My Shakespeare, rise; I will not lodge thee by
Chaucer, or Spenser, or bid Beaumont lye
A little further, to make thee a roome :
Thou art a Moniment, without a tombe,
And art alive still, while thy Booke doth live,
And we have wits to read, and praise to give.
That I not mixe thee so, my braine excuses ;
I meane with great, but disproportion'd Muses :
For, if I thought my judgement were of yeeres,
I should commit thee surely with thy peeres,
And tell, how farre thou dist our Lily out-shine,
Or sporting Kid or Marlowes mighty line.
And though thou hadst small Latine, and lesse Greeke,
From thence to honour thee, I would not seeke
For names; but call forth thund'ring schilus,
Euripides, and Sophocles to vs,
Paccuvius, Accius, him of Cordova dead,
To life againe, to heare thy Buskin tread,
And shake a stage : Or, when thy sockes were on,
Leave thee alone, for the comparison
Of all, that insolent Greece, or haughtie Rome
Sent forth, or since did from their ashes come.

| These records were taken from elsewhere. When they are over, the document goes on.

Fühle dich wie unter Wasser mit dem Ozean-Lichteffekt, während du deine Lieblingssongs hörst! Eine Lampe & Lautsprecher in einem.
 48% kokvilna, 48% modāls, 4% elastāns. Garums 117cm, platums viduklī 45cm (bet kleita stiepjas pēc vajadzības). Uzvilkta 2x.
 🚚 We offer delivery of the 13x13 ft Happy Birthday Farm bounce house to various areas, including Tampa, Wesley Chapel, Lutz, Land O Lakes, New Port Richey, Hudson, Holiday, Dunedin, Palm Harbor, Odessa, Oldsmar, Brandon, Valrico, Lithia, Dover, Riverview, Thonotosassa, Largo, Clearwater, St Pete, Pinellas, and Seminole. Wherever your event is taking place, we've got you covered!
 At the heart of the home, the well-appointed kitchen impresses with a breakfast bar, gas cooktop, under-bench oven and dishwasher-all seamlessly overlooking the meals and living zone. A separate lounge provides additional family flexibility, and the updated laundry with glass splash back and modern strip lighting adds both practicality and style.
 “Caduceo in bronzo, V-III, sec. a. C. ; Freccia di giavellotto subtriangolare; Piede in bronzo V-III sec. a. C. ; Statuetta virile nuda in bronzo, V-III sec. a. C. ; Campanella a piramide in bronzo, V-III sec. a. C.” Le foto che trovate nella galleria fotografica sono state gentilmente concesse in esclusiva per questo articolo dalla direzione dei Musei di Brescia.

Triumph, my Britaine, thou hast one to showe,
To whom all scenes of Europe homage owe.
He was not of an age, but for all time !
For a good Poet's made, as well as borne.

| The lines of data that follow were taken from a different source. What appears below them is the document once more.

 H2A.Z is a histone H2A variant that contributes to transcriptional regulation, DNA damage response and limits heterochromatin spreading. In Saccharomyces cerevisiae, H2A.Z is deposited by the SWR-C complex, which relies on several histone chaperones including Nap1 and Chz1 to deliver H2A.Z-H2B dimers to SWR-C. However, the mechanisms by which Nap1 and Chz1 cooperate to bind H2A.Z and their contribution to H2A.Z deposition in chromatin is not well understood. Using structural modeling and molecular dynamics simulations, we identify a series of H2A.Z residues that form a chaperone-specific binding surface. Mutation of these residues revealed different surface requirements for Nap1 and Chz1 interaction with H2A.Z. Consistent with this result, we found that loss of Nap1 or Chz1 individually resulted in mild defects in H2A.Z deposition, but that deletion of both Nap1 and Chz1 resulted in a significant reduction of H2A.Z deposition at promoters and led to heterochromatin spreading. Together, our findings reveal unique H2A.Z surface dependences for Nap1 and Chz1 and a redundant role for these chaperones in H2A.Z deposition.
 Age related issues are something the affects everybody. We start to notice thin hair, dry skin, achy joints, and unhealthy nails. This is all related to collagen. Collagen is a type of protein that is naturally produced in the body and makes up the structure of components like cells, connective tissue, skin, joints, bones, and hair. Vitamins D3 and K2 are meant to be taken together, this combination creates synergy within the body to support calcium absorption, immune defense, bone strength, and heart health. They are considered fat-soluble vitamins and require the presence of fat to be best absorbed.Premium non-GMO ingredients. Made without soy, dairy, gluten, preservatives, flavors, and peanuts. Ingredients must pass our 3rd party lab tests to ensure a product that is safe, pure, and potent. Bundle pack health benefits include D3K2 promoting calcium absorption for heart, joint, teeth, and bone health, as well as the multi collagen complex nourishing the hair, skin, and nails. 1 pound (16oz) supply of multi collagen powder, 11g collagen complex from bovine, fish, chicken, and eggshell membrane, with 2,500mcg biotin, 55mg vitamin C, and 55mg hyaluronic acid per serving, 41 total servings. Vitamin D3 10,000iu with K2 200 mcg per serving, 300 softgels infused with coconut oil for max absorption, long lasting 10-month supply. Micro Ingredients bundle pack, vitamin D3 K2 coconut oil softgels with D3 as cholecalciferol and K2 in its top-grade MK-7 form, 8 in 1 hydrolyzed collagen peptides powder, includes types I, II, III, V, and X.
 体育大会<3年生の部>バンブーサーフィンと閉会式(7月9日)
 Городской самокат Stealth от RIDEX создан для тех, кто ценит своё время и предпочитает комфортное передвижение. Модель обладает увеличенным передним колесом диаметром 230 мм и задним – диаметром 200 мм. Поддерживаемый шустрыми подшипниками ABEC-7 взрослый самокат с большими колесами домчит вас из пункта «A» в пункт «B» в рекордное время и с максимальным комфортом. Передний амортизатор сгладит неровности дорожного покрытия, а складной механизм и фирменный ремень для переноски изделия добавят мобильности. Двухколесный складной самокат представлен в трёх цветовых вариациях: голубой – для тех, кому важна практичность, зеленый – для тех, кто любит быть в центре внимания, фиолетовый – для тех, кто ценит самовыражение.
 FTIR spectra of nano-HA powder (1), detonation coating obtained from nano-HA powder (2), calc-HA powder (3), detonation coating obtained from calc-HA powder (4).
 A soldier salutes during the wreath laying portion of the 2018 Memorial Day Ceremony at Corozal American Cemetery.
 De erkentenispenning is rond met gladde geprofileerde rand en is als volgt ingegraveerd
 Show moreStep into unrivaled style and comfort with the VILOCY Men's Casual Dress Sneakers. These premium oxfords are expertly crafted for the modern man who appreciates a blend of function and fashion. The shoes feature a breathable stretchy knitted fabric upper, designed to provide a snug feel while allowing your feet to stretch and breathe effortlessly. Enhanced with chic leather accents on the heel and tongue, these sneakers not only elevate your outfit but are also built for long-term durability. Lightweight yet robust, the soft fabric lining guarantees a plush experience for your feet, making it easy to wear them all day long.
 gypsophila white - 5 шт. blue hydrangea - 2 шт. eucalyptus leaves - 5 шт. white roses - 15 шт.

And such wert thou. Looke how the fathers face
Lives in his issue, even so, the race
Of Shakespeares minde, and manners brightly shines
In his well toned, and true-filed lines :
In each of which, he seemes to shake a Lance,
As brandish't at the eyes of Ignorance.
Sweet swan of Avon! what a fight it were
To see thee in our waters yet appeare,
And make those flights upon the bankes of Thames,
That so did take Eliza, and our James !
But stay, I see thee in the Hemisphere
Advanc'd, and made a Constellation there !
Shine forth, thou Starre of Poets, and with rage,
Or influence, chide, or cheere the drooping Stage;
Which, since thy flight fro' hence, hath mourn'd like night,
And despaires day, but for thy Volumes light.

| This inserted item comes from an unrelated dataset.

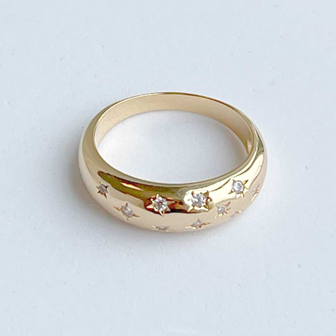 O anel é composto por design abaulado e estrelas cravejadas de zircônias incolor, banhado a ouro 18k.
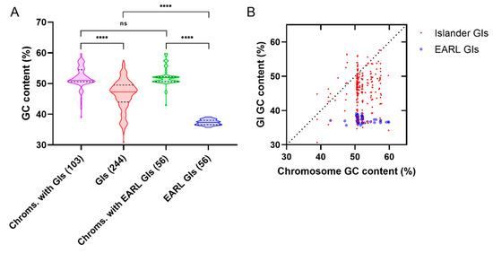 The EARL genomic islands possess a significantly low GC content. (A) Violin plots of the GC content of the genomic islands found in Enterobacteriaceae in the Islander database (GIs), their host chromosomes (Chroms. with GIs), the EARL genomic islands (EARL GIs) and the chromosomes that harbor the EARL GIs (Chroms. with EARL GIs). Kruskall–Wallis tests followed by Dunn’s multiple comparisons were used to assess differences between medians (α = 0.05, **** p < 0.0001). (B) Comparison of the GC content of genomic islands and the host chromosome. The dotted line represents a 1:1 correspondence. Data was obtained from the Islander database (15/10/19) [123] and the supplementary information from Piña-Iturbe et al. (2018) [50]. The 597 Enterobacteriaceae genomic islands stored in Islander were manually filtered to eliminate possible false positives (indicated in the database), putative prophages (>20% overlap with a PHAST call), duplicated genomic islands (islands with length ≥300 pb in the same species, the same integration site, and GC difference <1%), and islands found in plasmids, resulting in 244 genomic islands present in 103 host chromosomes. All the 56 EARL islands identified in [50] were used.

Sounds to me they knew just seven years after his death that he was something.
What I really appreciate about Shakespeare is how he conveyed eternal truths in a few words:
"What's in a name? That which we call a rose
By any other name would smell as sweet."
This passage from Romeo and Juliette suggested to the reader, amid the backdrop of tragedy, that is not one's name but one 's character that defines them.
"This above all: to thine own self be true,
And it must follow, as the night the day,
Thou canst not then be false to any man."
In this speech Polonius gives his children advice parents would be wise to offer today, the only way to navigate society without getting yourself into too much trouble is to never pretend to be someone you're not.
"Brevity is the soul of wit."
This is my favorite, one I use in writing everyday. Even though having Polonius say this in the middle of a long speech was Shakespeare's idea of a joke, any editor, publisher, or agent will tell you if you can't sum up your plot in a few words it's not a good plot. To take it a step further, intelligence does not require long passages of rhetoric to get its point across.
No matter how often I read these quotes, even though they were written almost 500 years ago, I am amazed that they are still applicable today. Thanks, Bill!